» Input for this task
# # # # # # #
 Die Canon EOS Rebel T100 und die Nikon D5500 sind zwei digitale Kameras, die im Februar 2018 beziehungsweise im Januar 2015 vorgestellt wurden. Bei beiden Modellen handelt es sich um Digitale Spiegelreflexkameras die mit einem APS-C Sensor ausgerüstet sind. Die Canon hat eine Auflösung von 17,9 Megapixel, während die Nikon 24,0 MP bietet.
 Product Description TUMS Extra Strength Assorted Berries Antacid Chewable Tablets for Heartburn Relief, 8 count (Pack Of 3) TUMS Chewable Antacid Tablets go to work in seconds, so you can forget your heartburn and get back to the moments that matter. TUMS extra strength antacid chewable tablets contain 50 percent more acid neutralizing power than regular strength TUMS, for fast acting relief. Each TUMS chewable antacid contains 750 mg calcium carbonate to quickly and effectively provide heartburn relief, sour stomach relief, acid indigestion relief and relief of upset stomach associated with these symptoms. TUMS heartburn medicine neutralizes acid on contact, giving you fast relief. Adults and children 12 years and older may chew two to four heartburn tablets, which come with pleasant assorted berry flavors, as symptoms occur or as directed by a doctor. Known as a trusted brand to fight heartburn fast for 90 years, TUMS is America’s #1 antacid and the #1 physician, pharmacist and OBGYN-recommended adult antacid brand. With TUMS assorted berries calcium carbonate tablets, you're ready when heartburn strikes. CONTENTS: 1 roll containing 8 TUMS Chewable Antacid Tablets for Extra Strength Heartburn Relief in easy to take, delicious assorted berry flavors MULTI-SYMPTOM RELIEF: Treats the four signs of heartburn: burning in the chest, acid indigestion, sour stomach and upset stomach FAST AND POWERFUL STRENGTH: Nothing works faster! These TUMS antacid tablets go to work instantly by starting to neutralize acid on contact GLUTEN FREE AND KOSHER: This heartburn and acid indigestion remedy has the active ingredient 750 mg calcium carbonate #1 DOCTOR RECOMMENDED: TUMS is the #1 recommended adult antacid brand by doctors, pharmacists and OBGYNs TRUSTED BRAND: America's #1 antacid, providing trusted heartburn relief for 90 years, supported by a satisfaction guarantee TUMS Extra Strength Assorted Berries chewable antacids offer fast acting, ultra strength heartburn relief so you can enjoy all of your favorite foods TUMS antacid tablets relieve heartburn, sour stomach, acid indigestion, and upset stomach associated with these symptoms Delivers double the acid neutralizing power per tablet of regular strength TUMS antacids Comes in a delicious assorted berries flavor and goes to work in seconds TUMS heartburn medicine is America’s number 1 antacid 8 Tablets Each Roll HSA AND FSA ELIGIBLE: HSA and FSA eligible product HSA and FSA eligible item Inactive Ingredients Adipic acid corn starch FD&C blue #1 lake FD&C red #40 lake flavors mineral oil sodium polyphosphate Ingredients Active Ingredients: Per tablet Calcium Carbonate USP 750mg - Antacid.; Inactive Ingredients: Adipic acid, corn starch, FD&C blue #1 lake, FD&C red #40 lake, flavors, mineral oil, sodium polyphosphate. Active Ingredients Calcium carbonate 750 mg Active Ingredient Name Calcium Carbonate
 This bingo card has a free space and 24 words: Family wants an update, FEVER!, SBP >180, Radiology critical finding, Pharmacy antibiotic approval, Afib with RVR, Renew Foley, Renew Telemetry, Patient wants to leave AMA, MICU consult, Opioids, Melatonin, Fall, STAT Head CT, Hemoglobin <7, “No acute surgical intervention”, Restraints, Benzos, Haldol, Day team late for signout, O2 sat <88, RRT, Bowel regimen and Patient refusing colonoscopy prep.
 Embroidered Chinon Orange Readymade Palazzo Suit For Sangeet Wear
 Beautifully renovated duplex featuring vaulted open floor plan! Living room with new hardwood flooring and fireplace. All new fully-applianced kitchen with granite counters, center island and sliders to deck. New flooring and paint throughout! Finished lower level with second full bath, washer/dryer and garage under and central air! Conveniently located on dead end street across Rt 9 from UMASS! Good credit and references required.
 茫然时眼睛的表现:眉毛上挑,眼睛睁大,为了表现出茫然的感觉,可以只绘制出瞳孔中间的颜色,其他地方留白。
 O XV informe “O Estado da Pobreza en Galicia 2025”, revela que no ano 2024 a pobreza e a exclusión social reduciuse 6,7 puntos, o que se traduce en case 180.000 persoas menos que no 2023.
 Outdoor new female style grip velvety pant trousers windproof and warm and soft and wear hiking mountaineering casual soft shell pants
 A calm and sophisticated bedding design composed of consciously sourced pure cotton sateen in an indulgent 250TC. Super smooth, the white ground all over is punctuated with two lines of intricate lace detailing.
# # # # # # #
» Work to complete
From the first entry to the last, reproduce everything precisely.

» Solution
 Die Canon EOS Rebel T100 und die Nikon D5500 sind zwei digitale Kameras, die im Februar 2018 beziehungsweise im Januar 2015 vorgestellt wurden. Bei beiden Modellen handelt es sich um Digitale Spiegelreflexkameras die mit einem APS-C Sensor ausgerüstet sind. Die Canon hat eine Auflösung von 17,9 Megapixel, während die Nikon 24,0 MP bietet.
 Product Description TUMS Extra Strength Assorted Berries Antacid Chewable Tablets for Heartburn Relief, 8 count (Pack Of 3) TUMS Chewable Antacid Tablets go to work in seconds, so you can forget your heartburn and get back to the moments that matter. TUMS extra strength antacid chewable tablets contain 50 percent more acid neutralizing power than regular strength TUMS, for fast acting relief. Each TUMS chewable antacid contains 750 mg calcium carbonate to quickly and effectively provide heartburn relief, sour stomach relief, acid indigestion relief and relief of upset stomach associated with these symptoms. TUMS heartburn medicine neutralizes acid on contact, giving you fast relief. Adults and children 12 years and older may chew two to four heartburn tablets, which come with pleasant assorted berry flavors, as symptoms occur or as directed by a doctor. Known as a trusted brand to fight heartburn fast for 90 years, TUMS is America’s #1 antacid and the #1 physician, pharmacist and OBGYN-recommended adult antacid brand. With TUMS assorted berries calcium carbonate tablets, you're ready when heartburn strikes. CONTENTS: 1 roll containing 8 TUMS Chewable Antacid Tablets for Extra Strength Heartburn Relief in easy to take, delicious assorted berry flavors MULTI-SYMPTOM RELIEF: Treats the four signs of heartburn: burning in the chest, acid indigestion, sour stomach and upset stomach FAST AND POWERFUL STRENGTH: Nothing works faster! These TUMS antacid tablets go to work instantly by starting to neutralize acid on contact GLUTEN FREE AND KOSHER: This heartburn and acid indigestion remedy has the active ingredient 750 mg calcium carbonate #1 DOCTOR RECOMMENDED: TUMS is the #1 recommended adult antacid brand by doctors, pharmacists and OBGYNs TRUSTED BRAND: America's #1 antacid, providing trusted heartburn relief for 90 years, supported by a satisfaction guarantee TUMS Extra Strength Assorted Berries chewable antacids offer fast acting, ultra strength heartburn relief so you can enjoy all of your favorite foods TUMS antacid tablets relieve heartburn, sour stomach, acid indigestion, and upset stomach associated with these symptoms Delivers double the acid neutralizing power per tablet of regular strength TUMS antacids Comes in a delicious assorted berries flavor and goes to work in seconds TUMS heartburn medicine is America’s number 1 antacid 8 Tablets Each Roll HSA AND FSA ELIGIBLE: HSA and FSA eligible product HSA and FSA eligible item Inactive Ingredients Adipic acid corn starch FD&C blue #1 lake FD&C red #40 lake flavors mineral oil sodium polyphosphate Ingredients Active Ingredients: Per tablet Calcium Carbonate USP 750mg - Antacid.; Inactive Ingredients: Adipic acid, corn starch, FD&C blue #1 lake, FD&C red #40 lake, flavors, mineral oil, sodium polyphosphate. Active Ingredients Calcium carbonate 750 mg Active Ingredient Name Calcium Carbonate
 This bingo card has a free space and 24 words: Family wants an update, FEVER!, SBP >180, Radiology critical finding, Pharmacy antibiotic approval, Afib with RVR, Renew Foley, Renew Telemetry, Patient wants to leave AMA, MICU consult, Opioids, Melatonin, Fall, STAT Head CT, Hemoglobin <7, “No acute surgical intervention”, Restraints, Benzos, Haldol, Day team late for signout, O2 sat <88, RRT, Bowel regimen and Patient refusing colonoscopy prep.
 Embroidered Chinon Orange Readymade Palazzo Suit For Sangeet Wear
 Beautifully renovated duplex featuring vaulted open floor plan! Living room with new hardwood flooring and fireplace. All new fully-applianced kitchen with granite counters, center island and sliders to deck. New flooring and paint throughout! Finished lower level with second full bath, washer/dryer and garage under and central air! Conveniently located on dead end street across Rt 9 from UMASS! Good credit and references required.
 茫然时眼睛的表现:眉毛上挑,眼睛睁大,为了表现出茫然的感觉,可以只绘制出瞳孔中间的颜色,其他地方留白。
 O XV informe “O Estado da Pobreza en Galicia 2025”, revela que no ano 2024 a pobreza e a exclusión social reduciuse 6,7 puntos, o que se traduce en case 180.000 persoas menos que no 2023.
 Outdoor new female style grip velvety pant trousers windproof and warm and soft and wear hiking mountaineering casual soft shell pants
 A calm and sophisticated bedding design composed of consciously sourced pure cotton sateen in an indulgent 250TC. Super smooth, the white ground all over is punctuated with two lines of intricate lace detailing.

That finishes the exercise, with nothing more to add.